- Occupations: Fashion designer, Couturier
- Known for: Couture, evening wear, Philippine terno
- Notable work: Philippine Terno collections, Gazini Ganados Miss Universe 2019 national costume

= Cary Santiago =

Filipino fashion designer

Cary Santiago is a Filipino fashion designer and couturier known for his elaborate evening wear, sculptural couture pieces, and contributions to Philippine high fashion. He is recognized for his hand-crafted designs, intricate detailing, and influence on the modern Filipino fashion scene.

== Early life and education ==
Cary Santiago grew up in Cebu, Philippines, the youngest of six children. His mother was a seamstress, which sparked his early interest in fashion. He began drawing dress patterns before attending school and assisted his mother in sewing as a child.

== Career ==

=== Early career ===
At 15, Santiago started designing for a ready-to-wear company in Cebu. By 18, he balanced his studies with freelance fashion work. At 23, he launched his own fashion business with the help of makeup artist Romero Vergara.

=== International work ===
Santiago’s reputation led to work abroad, including positions in Dubai as head designer for a couture house and later in Beirut, Lebanon. He eventually returned to the Philippines to continue his fashion career.

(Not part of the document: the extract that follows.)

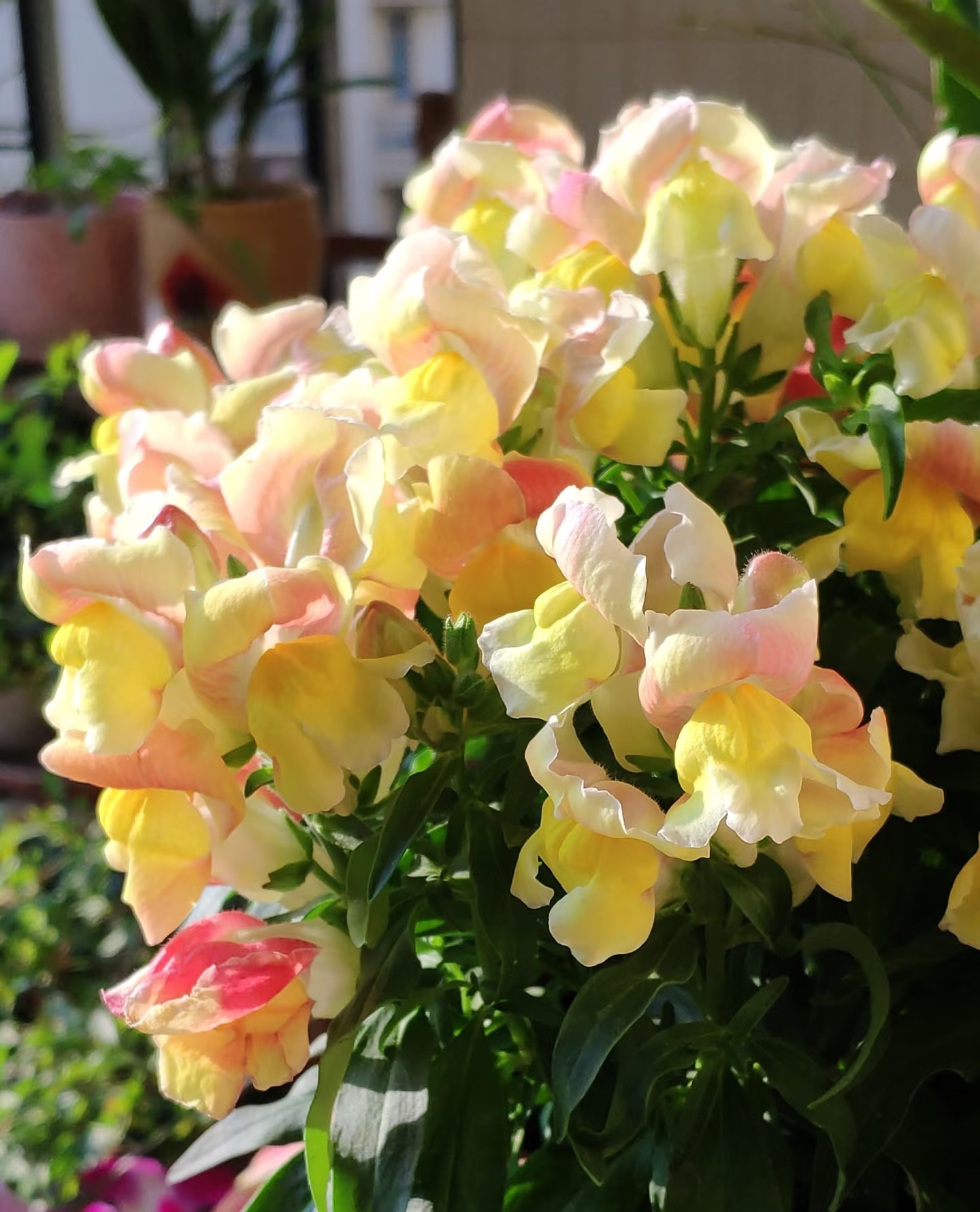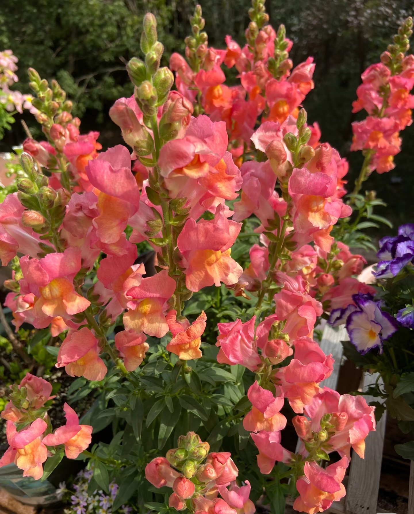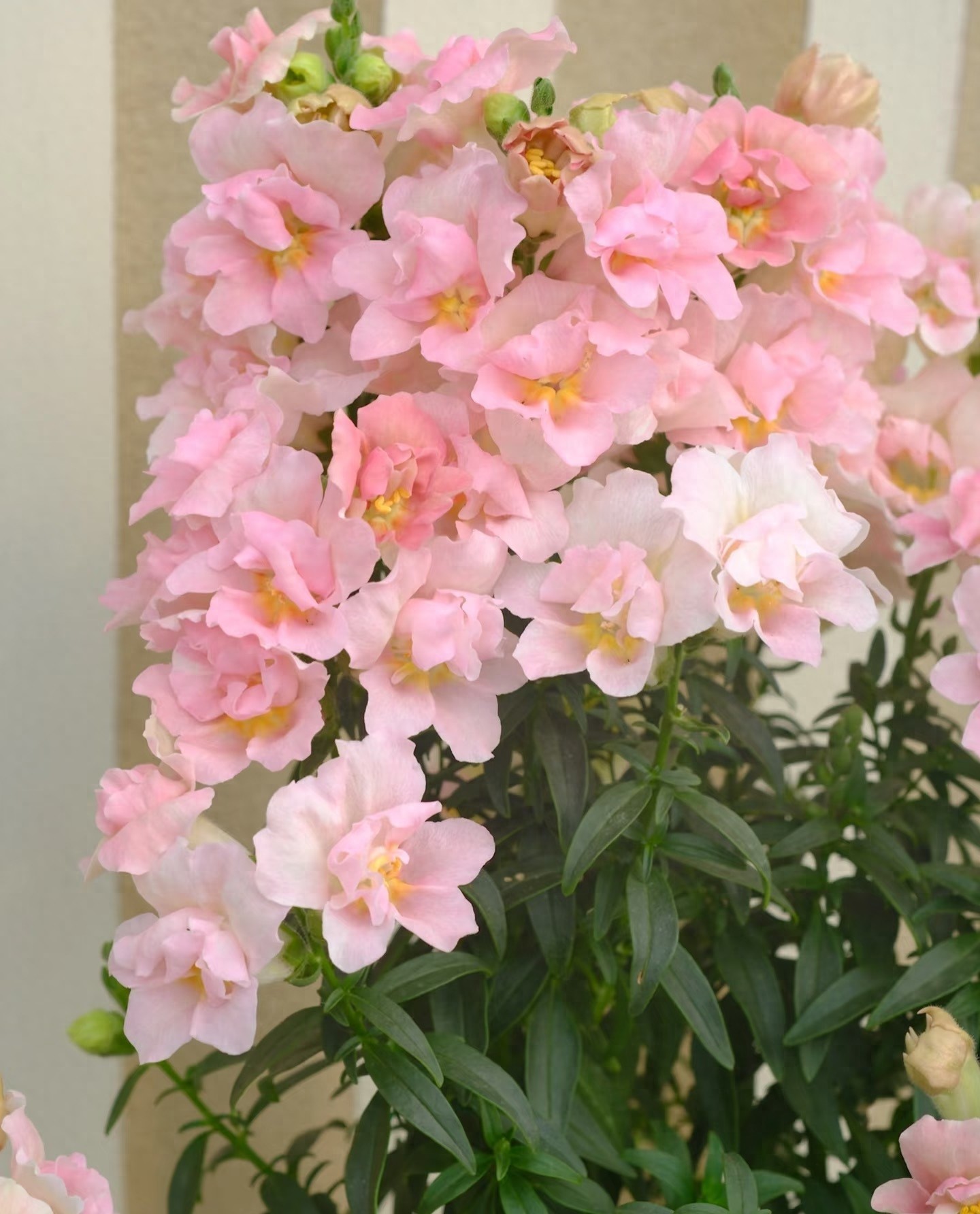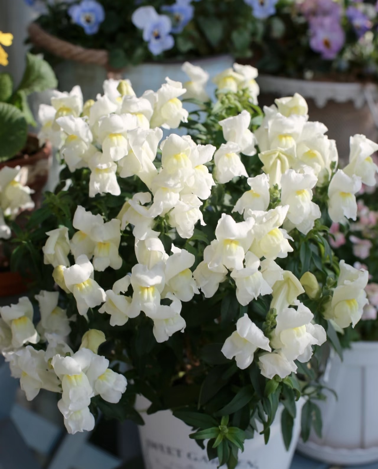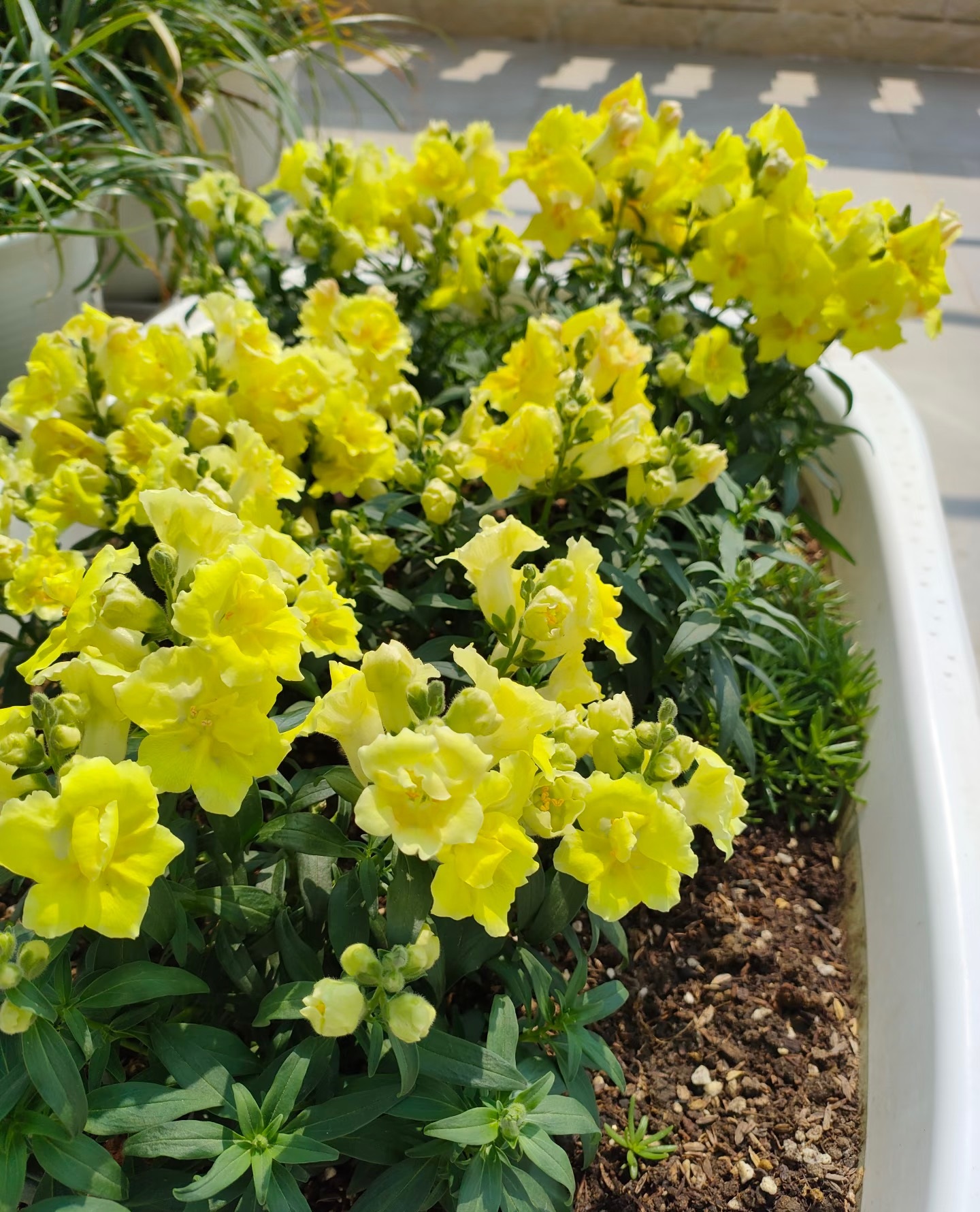 重瓣金鱼草有两个“版本”,一个是高个子的,株高能达到40-50厘米,叫“切花金鱼草”,主要用于鲜花花材供应;一个是矮一点的,只有20-35厘米高,主要用于盆栽观赏。家里有院子、能够地栽的可以选择前者,阳台花友就选后者,不占地方,巴掌大的花盆就能养。
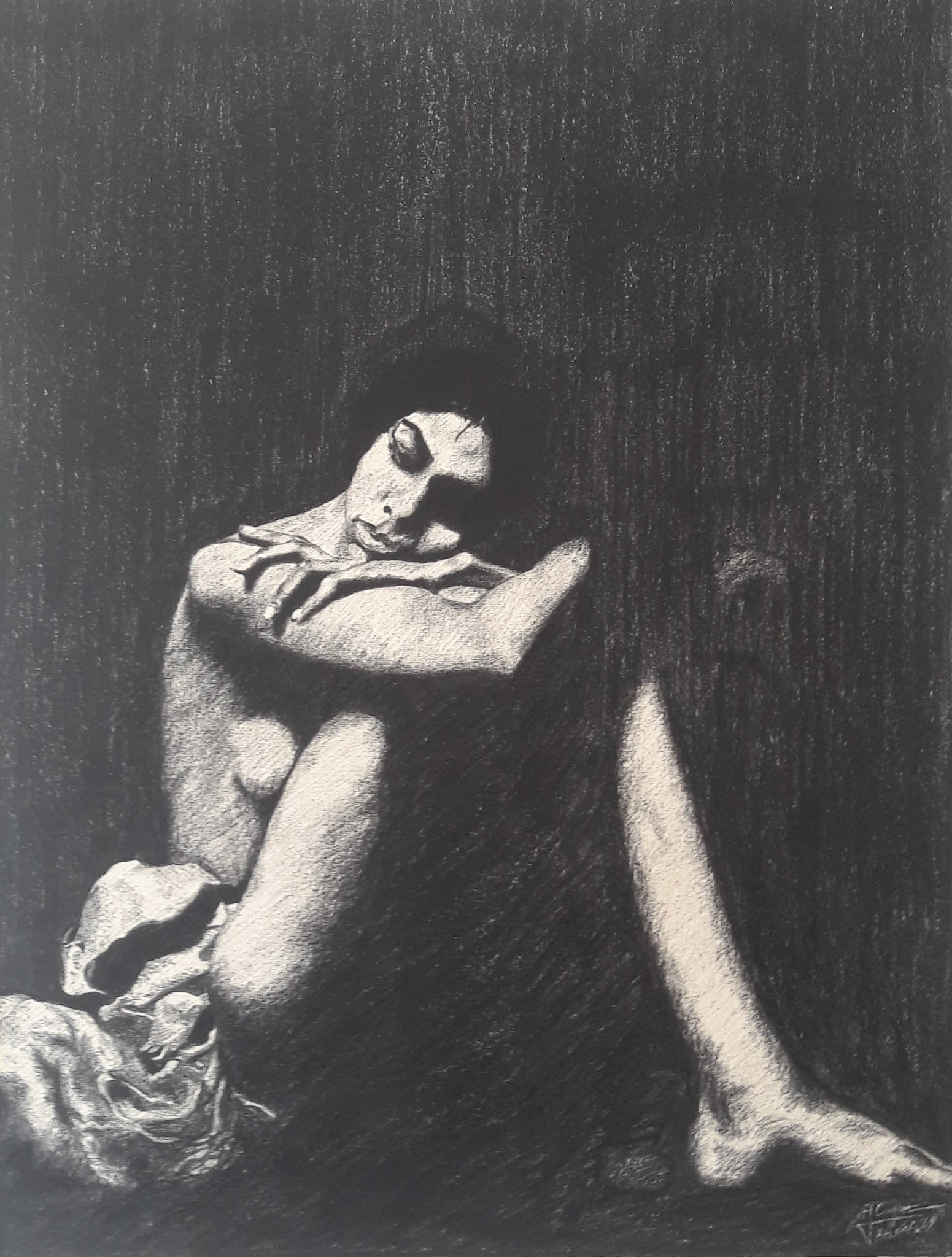 Dit is een heel oud werkje van mij. Naar mijn herinnering is dit gebaseerd op een schilderij waarvan ik een afdruk in een tijdschrift zag. Het is uitgevoerd in zwart conté potlood.

=== Style and recognition ===
Santiago is known for classic, glamorous, and romantic silhouettes. His couture designs feature sculptural forms, hand-crafted detailing, and elegance. In 2004, he won the Grand Prize at the Philippine Fashion Design Competition for a terno inspired by the Philippine eagle. He also represented the Philippines at the China Fashion Awards, earning the Outstanding International Fashion Designer Award.

=== Recent work ===
He continues to organize and participate in fashion shows, including producing events such as the Terno Gala and mentoring at TernoCon. His designs draw inspiration from culture, nature, and Filipino symbols.

== Notable clients ==
Santiago has designed for prominent personalities, including actresses Charo Santos-Concio and Dawn Zulueta, television host Kris Aquino, and international clients. He has also designed pageant gowns and national costumes, such as for Gazini Ganados in Miss Universe Philippines 2019.